I am using Double Hashing (not the conventional method) and the following is yielding the best result.

``````    public static int getHashKey(String word) {

int index = 0;

for(int i = 0; i<word.length(); i++){

index += Math.pow(4,  i)*((int)word.charAt(i));
index = index % size;
}
return index;
}

public static int getDoubleHashKey(String word) {

int jump = 1;

for(int i = 0; i<word.length(); i++){

jump = jump * word.charAt(i);
jump = jump % size;
}
return jump;

}
``````

This is giving me 127,000 collisions. I also have a 2 fold prime hash table size and it cannot be changed.

Is there any way the Double Hashing algorithm can be improved? (Either of the 2 methods above).

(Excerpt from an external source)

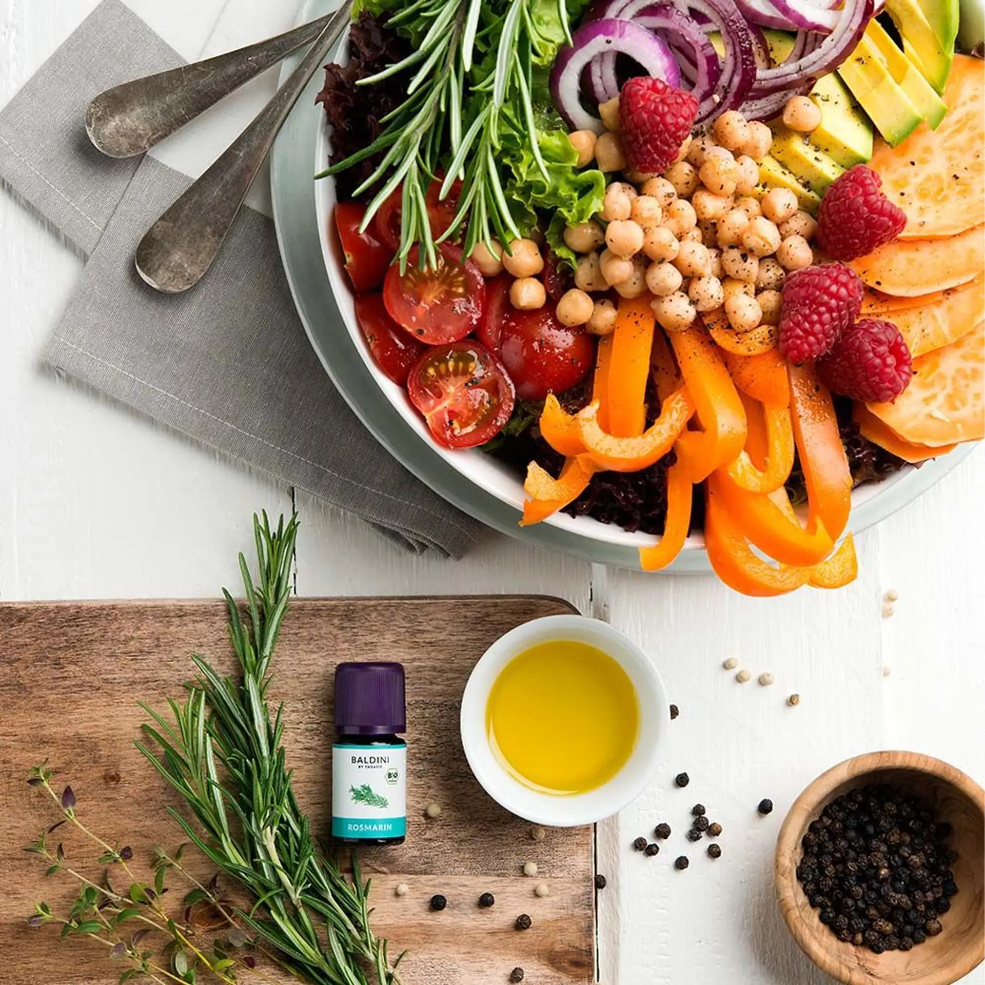 Verleihe deinen Gerichten mit dem Baldini Bio-Aroma Rosmarin ein mediterranes Flair. Ideal für Salate, Gemüse, Brote und Dips mit einem würzig-frischen Aroma.Die natürlichen Düfte zum Essen und Trinken.
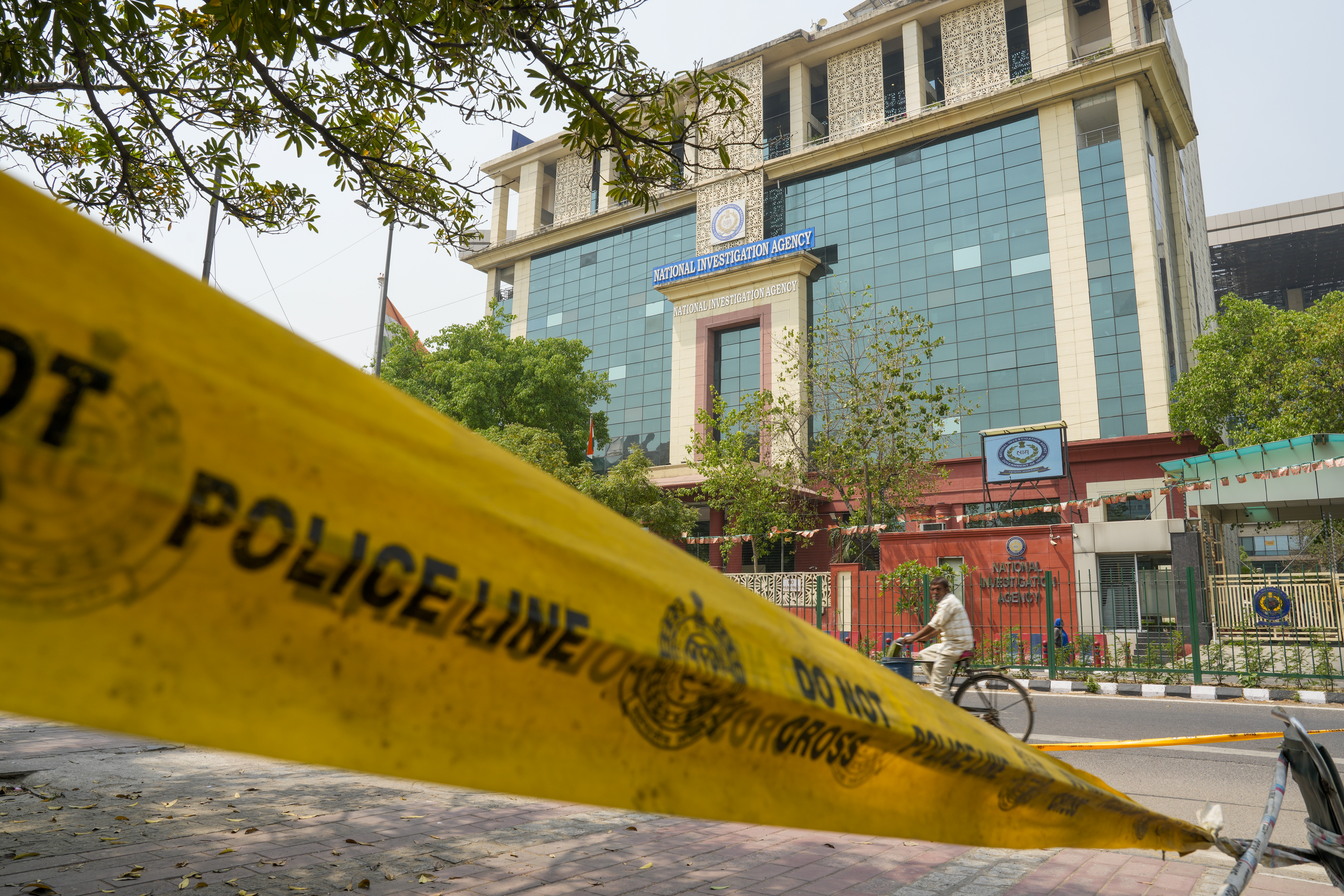 New Delhi: ‘Do Not Cross’ police barricade tape fixed near the National Investigation Agency building, in New Delhi, Thursday, Apr. 10, 2025. Tahawwur Rana, a co-conspirator in the 26/11 Mumbai terror attacks, will land in India today, a day after a multi-agency Indian team left from the United States with him on a special flight on Wednesday. (PTI Photo/Ravi Choudhary) (PTI04_10_2025_000041B)

I know it depends on what we are storing in the hash table etc. but is there any intuitive method or some tips that apply more generally so I can avoid a couple more collisions.

I ran a little Scala program on a dictionary of about 336 531 entries. There are significantly less collisions for the version 2 (118 142) than for the version 1 (305 431). Notice that the version 2 is close to an optimal number of collisions because 118 142 + 216 555 = 334 697, so 334 697/336 531 = 99,46% of values used in the 0-216555 range. Using the modulo outside the loop does improve your hash method.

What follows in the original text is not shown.